(Stored data)
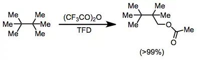 Although alkanes are typically difficult to functionalize directly, C-H insertion with TFD is an efficient process in many cases. The order of reactivity of C-H bonds is: allylic > benzylic > tertiary > secondary > primary. Often, the intermediate alcohols produced are oxidized further to carbonyl compounds, although this can be prevented by trapping in situ with an anhydride. Chiral alkanes are functionalized with retention of configuration.[2]
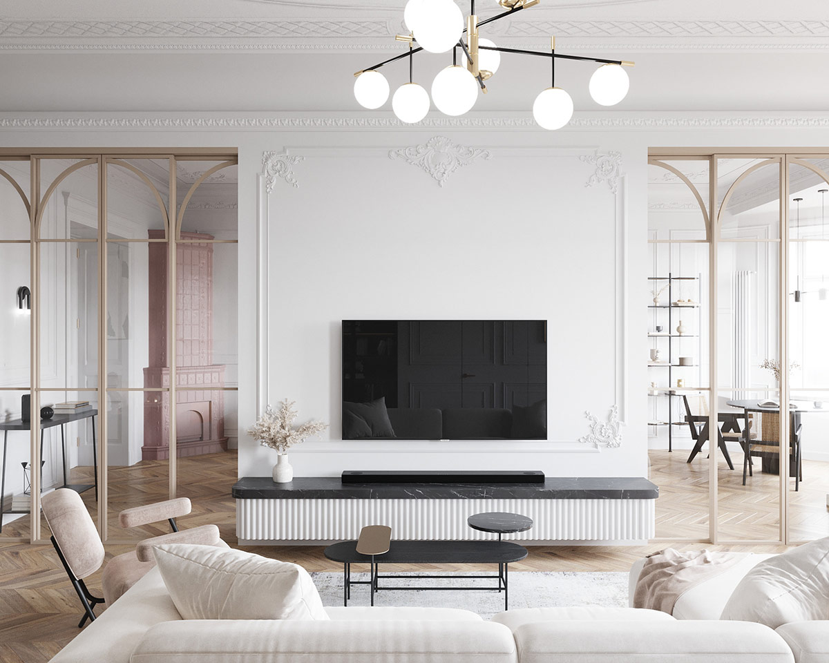 在沙發(fā)對(duì)面,一個(gè)漂浮的電視架在奢華的黑色大理石臺(tái)面下帶有時(shí)尚的羅紋美感。甲裝飾花瓶增加了一個(gè)小的高度的線(xiàn)性片,其與精美BOISERIE的框架連接它。電視墻兩側(cè)的玻璃門(mén)可以看到第二個(gè)休息區(qū),里面有一個(gè)漂亮的粉紅色壁爐。
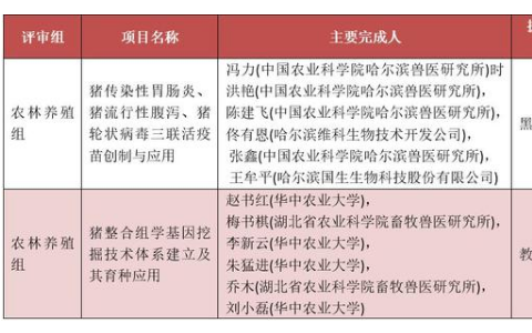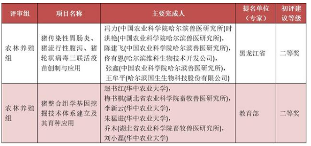分别是中国农业科学院哈尔滨兽医研究所冯力研究员等主持完成的“猪传染性胃肠炎、猪流行性腹泻、猪轮状病毒三联活疫苗创制与应用”(初评建议技术发明奖二等奖)
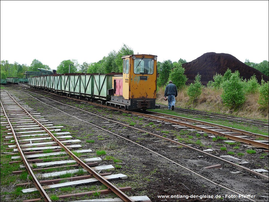 | 1 Sieht nur so aus, wie ein normaler Torfzug: Lok 5 verhindert am Ende eines Stumpfgleises lediglich, dass die entladenen Torfloren zu weit rollen. |
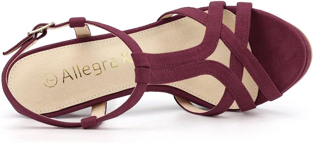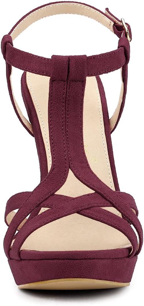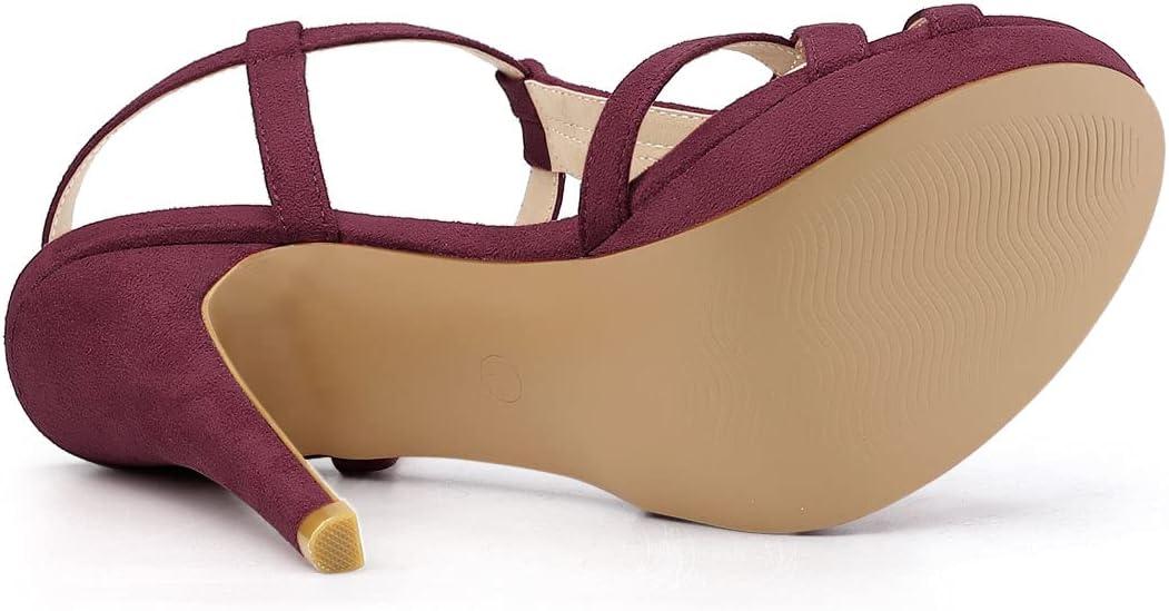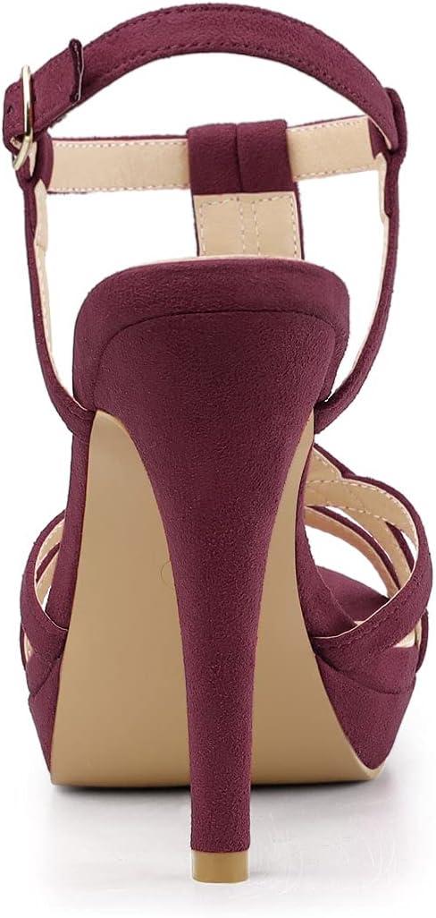 Allegra K Women’s T Strap Slingback Platform Stiletto Heel Sandals(Burgundy)
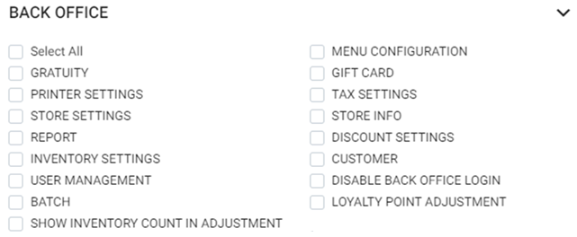 - USER MANAGEMENT - Access to User Management details (Create Roles / Users / Tip Adjustment / Forced Punch In/Out)
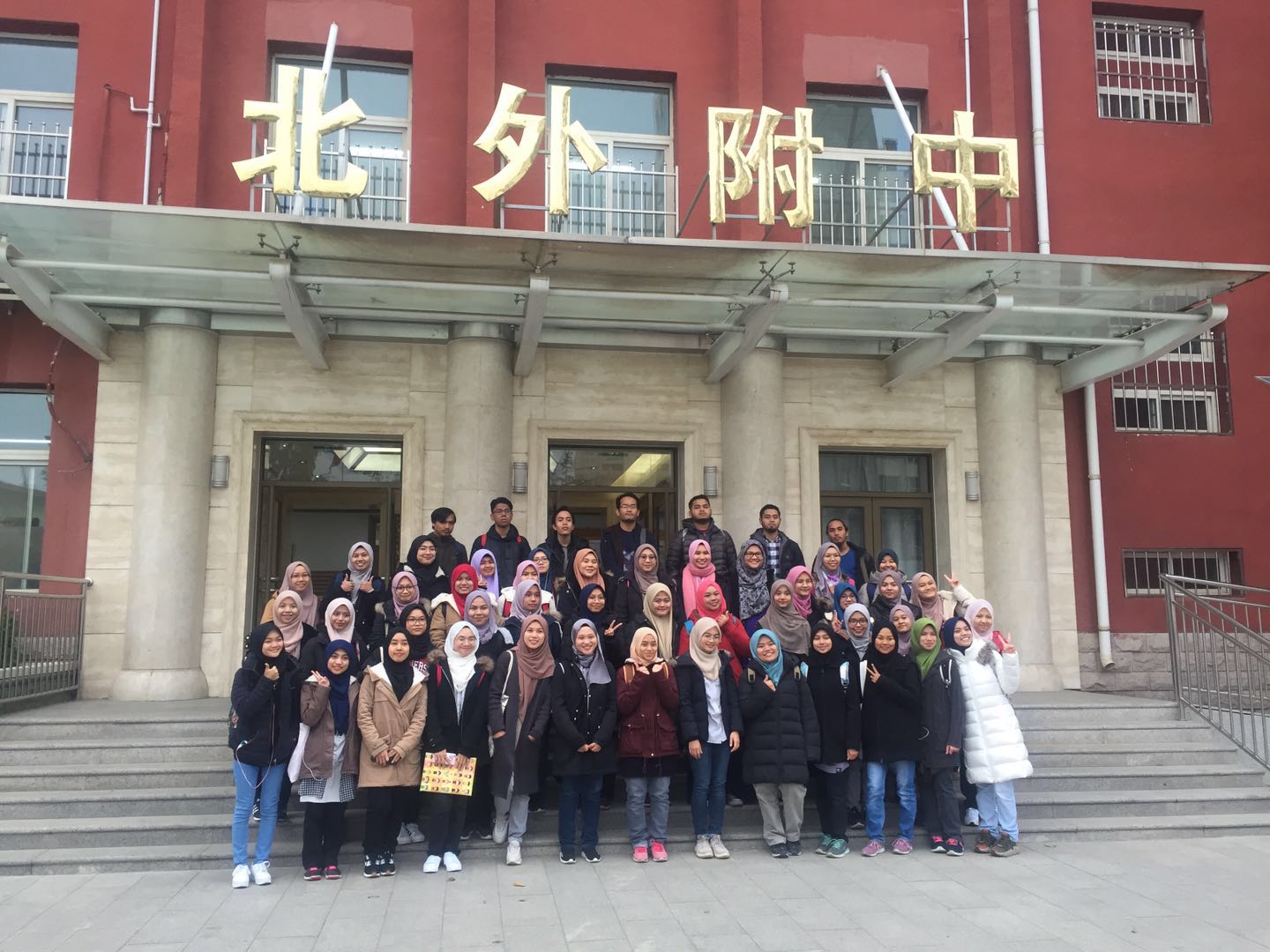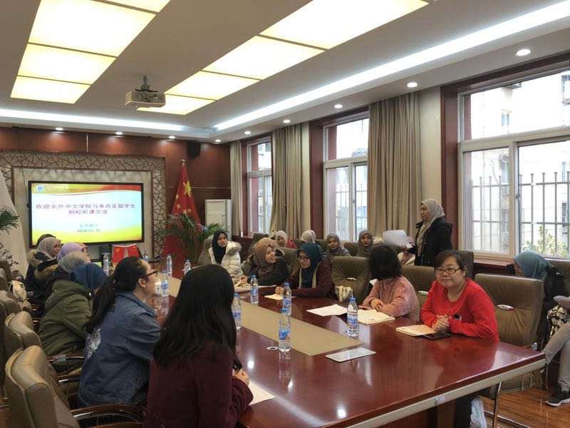 当日上午,16级马来同学被分成四组,旁听了语文和英语课程。在班级课堂教学观摩之后,同学还被分成了两组,与北外附中的语文和英语教师代表进行了座谈。同学们向老师提出关于“教案准备、课堂教学组织、课堂提问方式、外语教学方法和如何提高员工在课内外的语言学习兴趣”等很多专业性的问题,并得到了老师们的积极解答。交流会的气氛非常的活跃和热烈。

■ Work item: Reproduce word for word the lines running from the line with "分别是中国农业科学院哈尔滨兽" through the end of the data, both included, and nothing else; leave out the pictures.

■ Exercise output:
分别是中国农业科学院哈尔滨兽医研究所冯力研究员等主持完成的“猪传染性胃肠炎、猪流行性腹泻、猪轮状病毒三联活疫苗创制与应用”(初评建议技术发明奖二等奖)
 | 1 Sieht nur so aus, wie ein normaler Torfzug: Lok 5 verhindert am Ende eines Stumpfgleises lediglich, dass die entladenen Torfloren zu weit rollen. |
 Allegra K Women’s T Strap Slingback Platform Stiletto Heel Sandals(Burgundy)
 - USER MANAGEMENT - Access to User Management details (Create Roles / Users / Tip Adjustment / Forced Punch In/Out)
 当日上午,16级马来同学被分成四组,旁听了语文和英语课程。在班级课堂教学观摩之后,同学还被分成了两组,与北外附中的语文和英语教师代表进行了座谈。同学们向老师提出关于“教案准备、课堂教学组织、课堂提问方式、外语教学方法和如何提高员工在课内外的语言学习兴趣”等很多专业性的问题,并得到了老师们的积极解答。交流会的气氛非常的活跃和热烈。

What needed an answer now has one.